Milano si conferma dunque traino di una economia lombarda che dà segnali di un complessivo affaticamento. I titolari di impresa di origine straniera crescono in regione dello 0,4% (da 45.246 del 2018 a 45.421 di oggi), crescita comune in pressochè in tutte le province, fatta eccezione per Varese (-21,5%), Mantova (-3,4%) e Brescia (-0,8%). Con ben 19.395 ditte straniere attive, aumentate del +3,1% in anno (583 realtà in più), Milano e l’area metropolitana ospitano  imprenditori di origine straniera pari all’8% circa del totale degli imprenditori lombardi, quasi il 43% di tutte le imprese straniere lombarde.
Ancora meglio fanno le donne imprenditrici, cresciute in dodici mesi in regione del +0,9%, pari a 347 ditte in più a guida rosa.

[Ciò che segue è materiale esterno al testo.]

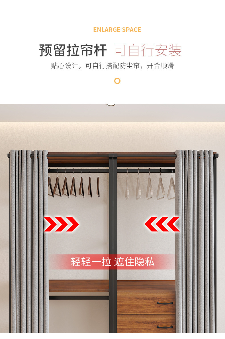 默认主图颜色黑色架子金橡木板,如需其它颜色请留言或联系客服备注,所有架子宽度上55厘米预留帘子杆 ,下50厘米。加厚钢管后面加H杆升级后更结实稳固。如需要定制联系客服,定制款不予退换货。
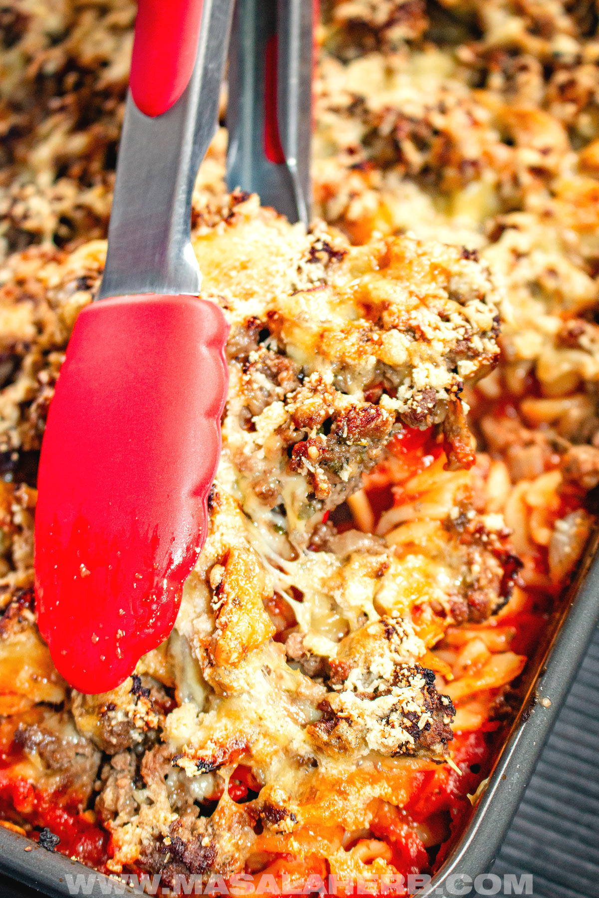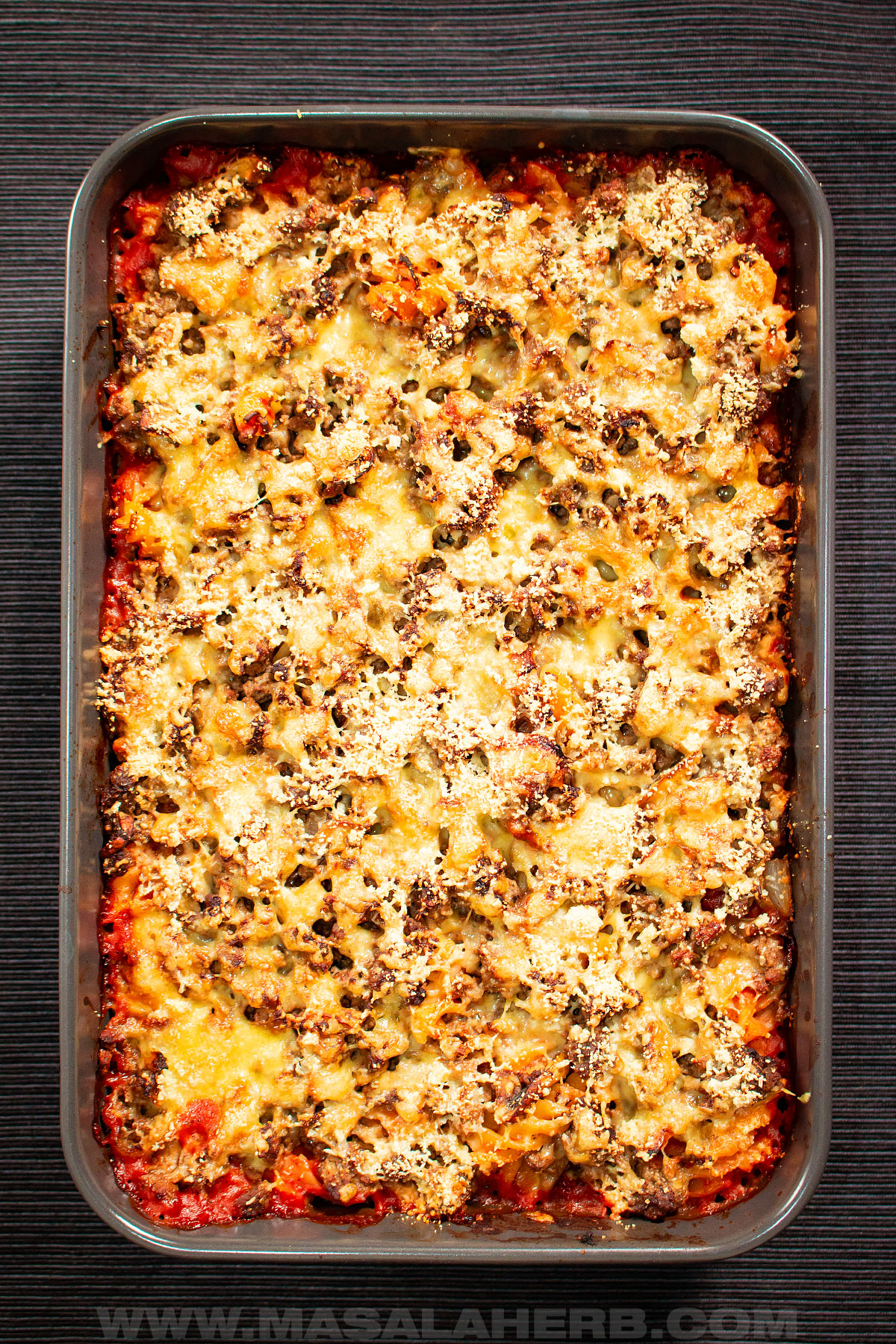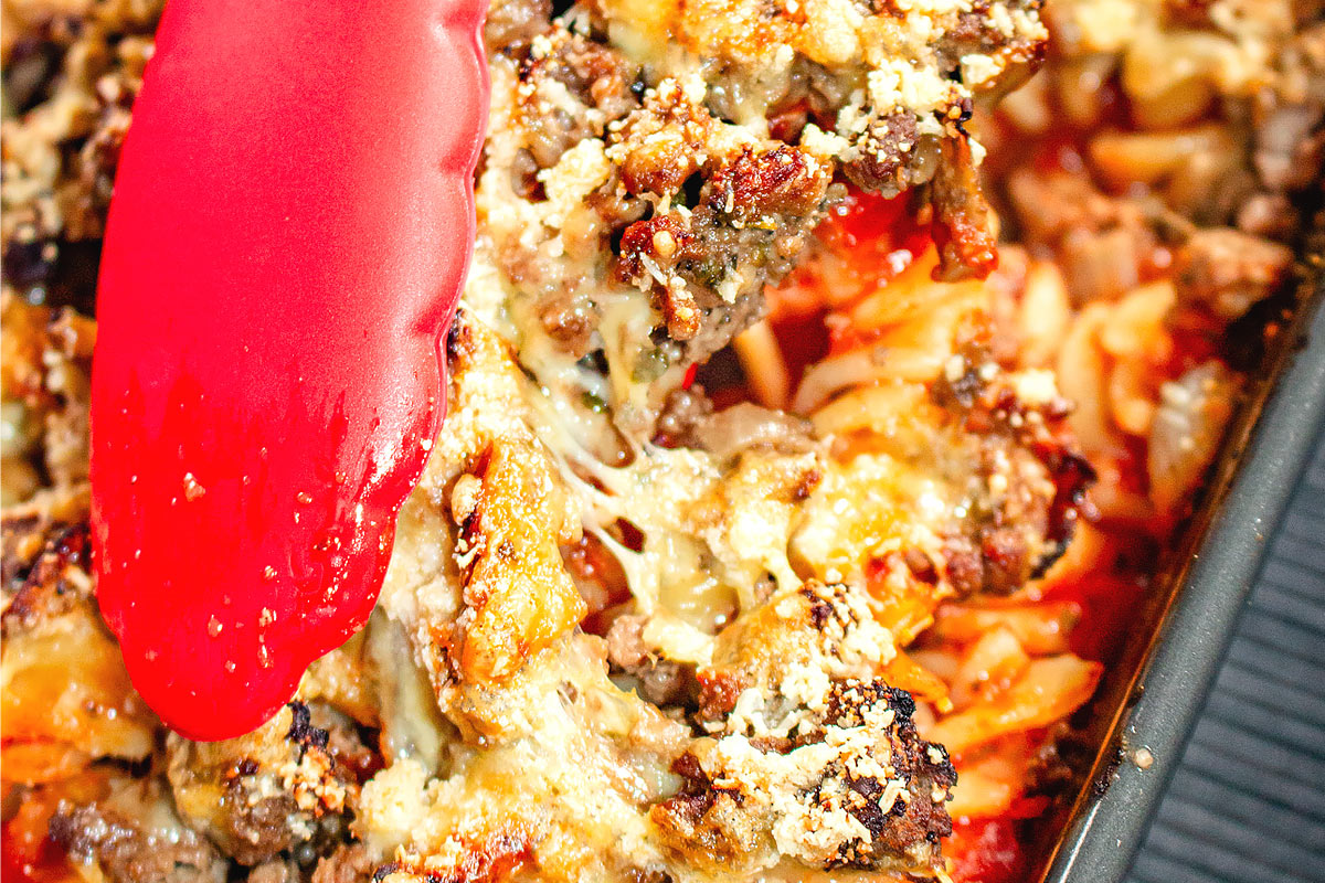 Johnny Marzetti is a baked comfort noodle dish prepared with tomato sauce, ground beef, and topped with cheese.

In particolare, è l’area metropolitana milanese a vantare numeri da primato, con ben 11.165 aziende a guida femminile attive (205 in più in un anno), che corrispondono al 4,6% del totale delle imprese lombarde, e a quasi il 29% delle imprese femminili della regione.

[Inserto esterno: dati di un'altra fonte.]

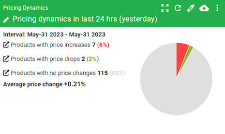 The Pricing Dashboard provides an at-a-glance view of key metrics through customizable widgets. Users can create widgets for pricing dynamics (price increases, drops, no changes), stock dynamics, pricing landscape (cheapest vs. most expensive positioning), and product history charts.
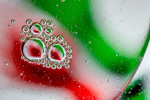 ...o tu cámara , para añadir al pensamiento de Russo. Eso es parte de la belleza de la técnica que voy a mostrarte. Usted no necesita tener una gran cámara, lentes especiales, luces de fantasía, o accesorios costosos. Un plato de vidrio, un poco de agua, un poco de aceite de cocina y algunos objetos coloridos de cualquier tipo funcionarán. Puede trabajar en el interior con una simple iluminación o salir a la calle y utilizar la luz del día para sus tomas. Si vive en un lugar donde febrero es una época fría y miserable para estar al aire libre, trabaje en interiores. Si quizás estás en el hemisferio sur y febrero es verano, llévalo afuera.
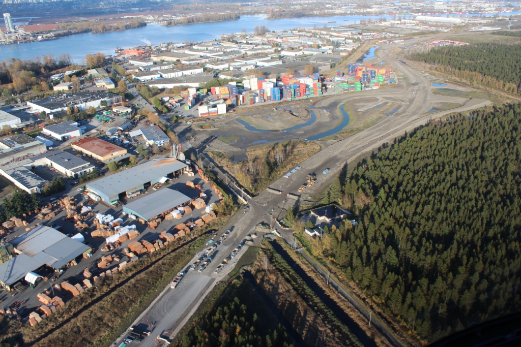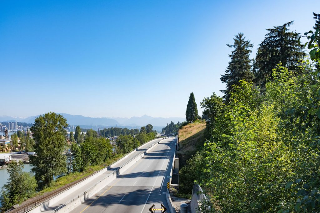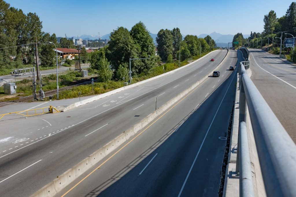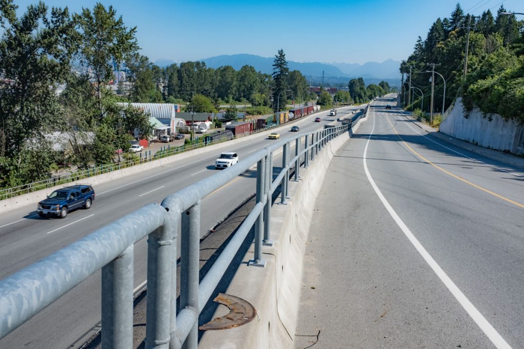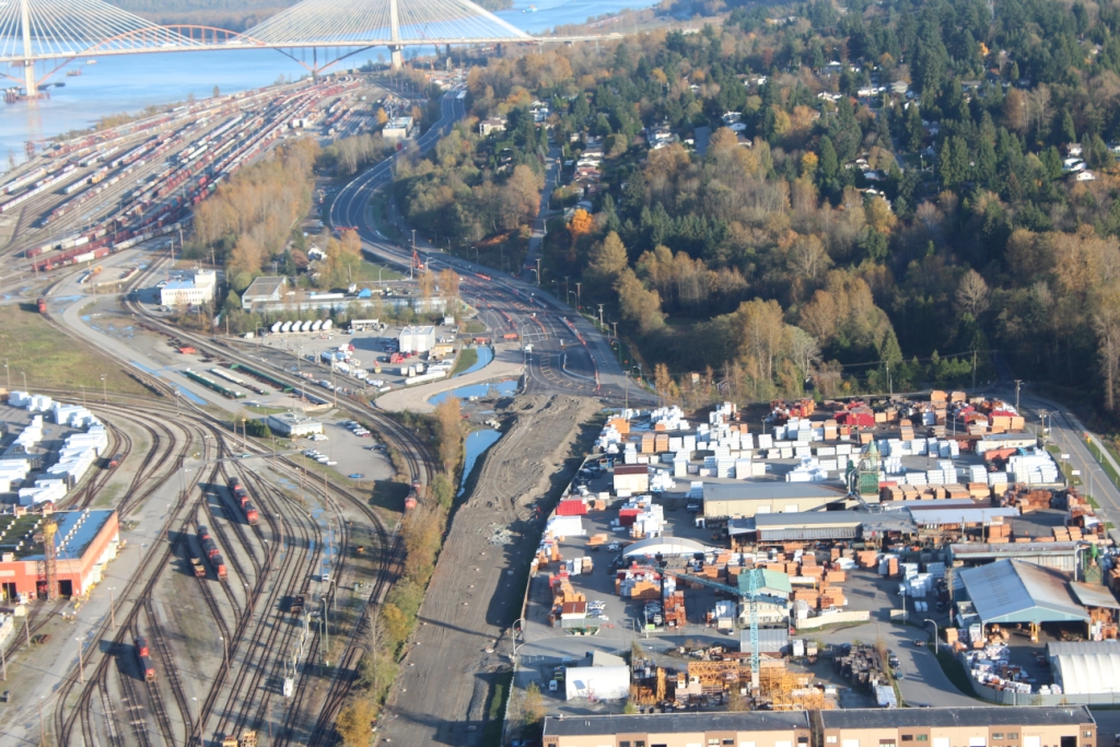 SFPR will pass under the Southern Railway line and Pattullo Bridge_112A Avenue pedestrian overpass behind
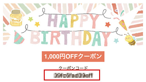 ①誕生日メール(誕生日月の1日配信)の『クーポンコード』を確認します。

Male i giovani imprenditori che in Lombardia perdono il 3,5% delle imprese attive in un anno, pari a ben 885 ditte in meno.
Tra i settori, crescita maggiore il Lombardia (+4%)  tra le imprese artigiane dell’intrattenimento (impianti per eventi, allestimenti, regie) e sport (gestione impianti, realizzazione impianti) con oltre mille realtà nel complesso; comunicazione (quasi 3mila imprese); servizi alle imprese (15mila ditte). A Milano spicca la crescita dell’intrattenimento, +8,7% in un anno. Buona anche la performance dei servizi di informazione e comunicazione (+5,9% dal 2018). Il settore dell’edilizia svolta in positivo (+0,4%), ma sono i servizi collegati, come le immobiliari per compravendite ed affitti, a segnare una flessione importante (-6,9%).

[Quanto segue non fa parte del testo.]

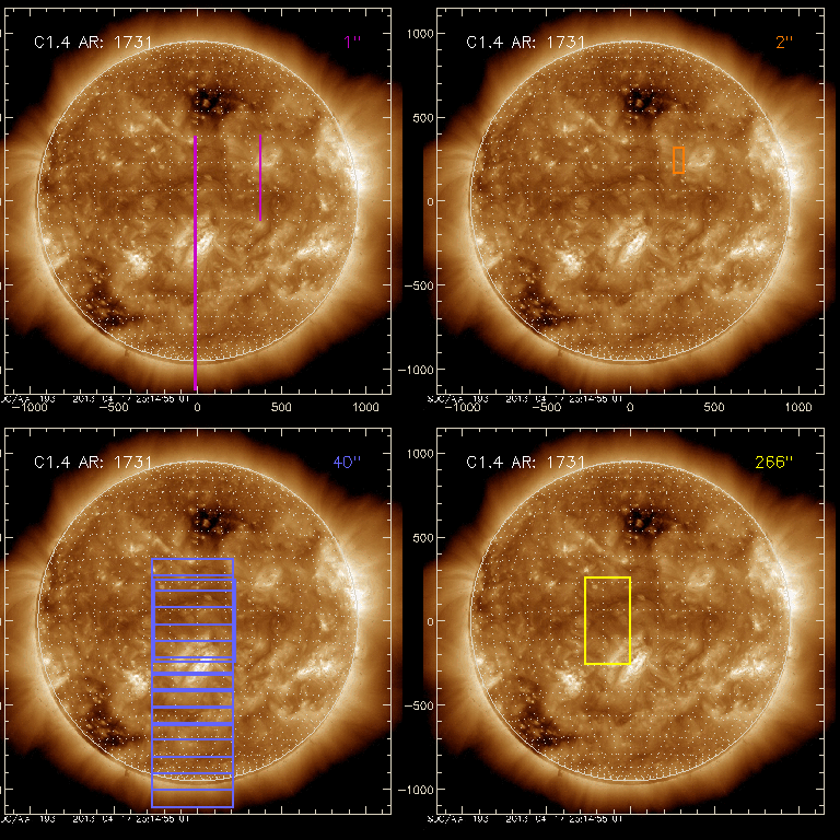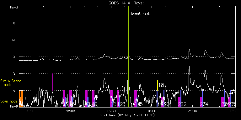 EIS Observation timeline overlay to GOES-Xray curve Code 1" 2" 40" 266" EIS Observations list for this event: STUDY ACRONYM ID DATE OBSERVED DESCRIPTION NOAA# TARGET 0 HH_Flare+AR_180x152 | 33311 | 2013/05/02 08:11:43 | AR11731 obs (flare) | 1731 | Flare TIMELINE ID DATE OBSERVED FITS FILE XCEN (+W/-E) YCEN (+N/-S) DUR ----------------------------------------------------------------------------------------------------------------- 33311 | 2013/05/02 08:11:43.000 | eis_l0_20130502_081143.fits.gz | 289.36 | 238.06 | 5m18s 33311 | 2013/05/02 08:17:04.000 | eis_l0_20130502_081704.fits.gz | 290.13 | 238.06 | 5m18s 33311 | 2013/05/02 08:22:25.000 | eis_l0_20130502_082225.fits.gz | 290.98 | 237.98 | 5m18s 33311 | 2013/05/02 08:27:46.000 | eis_l0_20130502_082746.fits.gz | 291.68 | 238.06 | 1m56s 1 regcal077 | 33369 | 2013/05/02 10:39:58 | Flatfield, 2 exposures, led 80ms, full | | Engineering TIMELINE ID DATE OBSERVED FITS FILE XCEN (+W/-E) YCEN (+N/-S) DUR ----------------------------------------------------------------------------------------------------------------- 33369 | 2013/05/02 10:39:58.000 | eis_l0_20130502_103958.fits.gz | 375.18 | 137.21 | 4s 2 SK_DEEP_5x512_SLIT1 | 33324 | 2013/05/02 11:25:27 | Support HOP 79 | | Quiet Sun TIMELINE ID DATE OBSERVED FITS FILE XCEN (+W/-E) YCEN (+N/-S) DUR ----------------------------------------------------------------------------------------------------------------- 33324 | 2013/05/02 11:25:27.000 | eis_l0_20130502_112527.fits.gz | -9869.46 | -9963.20 | 10m8s 3 PRY_slot_contextLITE | 33395 | 2013/05/02 11:36:00 | Support HOP 79 | | Active Region TIMELINE ID DATE OBSERVED FITS FILE XCEN (+W/-E) YCEN (+N/-S) DUR ----------------------------------------------------------------------------------------------------------------- 33395 | 2013/05/02 11:36:00.000 | eis_l0_20130502_113600.fits.gz | -9884.69 | -9963.20 | 2m57s 4 SK_DEEP_5x512_SLIT1 | 33396 | 2013/05/02 11:55:20 | Support HOP 79 | | Quiet Sun TIMELINE ID DATE OBSERVED FITS FILE XCEN (+W/-E) YCEN (+N/-S) DUR ----------------------------------------------------------------------------------------------------------------- 33396 | 2013/05/02 11:55:20.000 | eis_l0_20130502_115520.fits.gz | -15.28 | -865.52 | 10m8s 5 PRY_slot_contextLITE | 33397 | 2013/05/02 12:05:53 | Support HOP 79 | | Active Region TIMELINE ID DATE OBSERVED FITS FILE XCEN (+W/-E) YCEN (+N/-S) DUR ----------------------------------------------------------------------------------------------------------------- 33397 | 2013/05/02 12:05:53.000 | eis_l0_20130502_120553.fits.gz | -30.35 | -865.52 | 2m57s 6 SK_DEEP_5x512_SLIT1 | 33398 | 2013/05/02 13:04:20 | Support HOP 79 | | Quiet Sun TIMELINE ID DATE OBSERVED FITS FILE XCEN (+W/-E) YCEN (+N/-S) DUR ----------------------------------------------------------------------------------------------------------------- 33398 | 2013/05/02 13:04:20.000 | eis_l0_20130502_130420.fits.gz | -15.13 | -765.25 | 10m8s 7 PRY_slot_contextLITE | 33399 | 2013/05/02 13:14:53 | Support HOP 79 | | Active Region TIMELINE ID DATE OBSERVED FITS FILE XCEN (+W/-E) YCEN (+N/-S) DUR ----------------------------------------------------------------------------------------------------------------- 33399 | 2013/05/02 13:14:53.000 | eis_l0_20130502_131453.fits.gz | -30.35 | -765.33 | 2m56s 8 SK_DEEP_5x512_SLIT1 | 33400 | 2013/05/02 13:35:20 | Support HOP 79 | | Quiet Sun TIMELINE ID DATE OBSERVED FITS FILE XCEN (+W/-E) YCEN (+N/-S) DUR ----------------------------------------------------------------------------------------------------------------- 33400 | 2013/05/02 13:35:20.000 | eis_l0_20130502_133520.fits.gz | -15.13 | -665.29 | 10m8s 9 PRY_slot_contextLITE | 33401 | 2013/05/02 13:45:54 | Support HOP 79 | | Active Region TIMELINE ID DATE OBSERVED FITS FILE XCEN (+W/-E) YCEN (+N/-S) DUR ----------------------------------------------------------------------------------------------------------------- 33401 | 2013/05/02 13:45:54.000 | eis_l0_20130502_134554.fits.gz | -30.28 | -665.37 | 2m56s 10 SK_DEEP_5x512_SLIT1 | 33402 | 2013/05/02 14:55:20 | Support HOP 79 | | Quiet Sun TIMELINE ID DATE OBSERVED FITS FILE XCEN (+W/-E) YCEN (+N/-S) DUR ----------------------------------------------------------------------------------------------------------------- 33402 | 2013/05/02 14:55:20.000 | eis_l0_20130502_145520.fits.gz | -15.13 | -565.18 | 10m8s 11 PRY_slot_contextLITE | 33403 | 2013/05/02 15:05:54 | Support HOP 79 | | Active Region TIMELINE ID DATE OBSERVED FITS FILE XCEN (+W/-E) YCEN (+N/-S) DUR ----------------------------------------------------------------------------------------------------------------- 33403 | 2013/05/02 15:05:54.000 | eis_l0_20130502_150554.fits.gz | -30.35 | -565.34 | 2m56s 12 SK_DEEP_5x512_SLIT1 | 33404 | 2013/05/02 15:25:20 | Support HOP 79 | | Quiet Sun TIMELINE ID DATE OBSERVED FITS FILE XCEN (+W/-E) YCEN (+N/-S) DUR ----------------------------------------------------------------------------------------------------------------- 33404 | 2013/05/02 15:25:20.000 | eis_l0_20130502_152520.fits.gz | -15.13 | -465.53 | 10m8s 13 PRY_slot_contextLITE | 33405 | 2013/05/02 15:35:54 | Support HOP 79 | | Active Region TIMELINE ID DATE OBSERVED FITS FILE XCEN (+W/-E) YCEN (+N/-S) DUR ----------------------------------------------------------------------------------------------------------------- 33405 | 2013/05/02 15:35:54.000 | eis_l0_20130502_153554.fits.gz | -30.43 | -465.53 | 2m56s 14 SK_DEEP_5x512_SLIT1 | 33406 | 2013/05/02 16:42:20 | Support HOP 79 | | Quiet Sun TIMELINE ID DATE OBSERVED FITS FILE XCEN (+W/-E) YCEN (+N/-S) DUR ----------------------------------------------------------------------------------------------------------------- 33406 | 2013/05/02 16:42:20.000 | eis_l0_20130502_164220.fits.gz | -15.20 | -365.26 | 10m8s 15 PRY_slot_contextLITE | 33407 | 2013/05/02 16:52:54 | Support HOP 79 | 1732 | Active Region TIMELINE ID DATE OBSERVED FITS FILE XCEN (+W/-E) YCEN (+N/-S) DUR ------------------

“Preoccupa in prospettiva il calo riscontrato ancora fra i giovani imprenditori – commenta Accornero –.  Il contesto economicamente e culturalmente vivace non riesce a contrapporsi ai tanti nodi che di fatto scoraggiano se non impediscono la libera impresa. Dal peso fiscale alla burocrazia fino all’accesso al credito, soprattutto per i giovani e le start up non bastano coraggio e idee innovative. L’orizzonte non è affatto incoraggiante e rassicurante per chi vuole investire in proprio. Occorre prendere coscienza di questi ostacoli e agire con urgenza rispondendo a segnali chiari e inequivocabili.”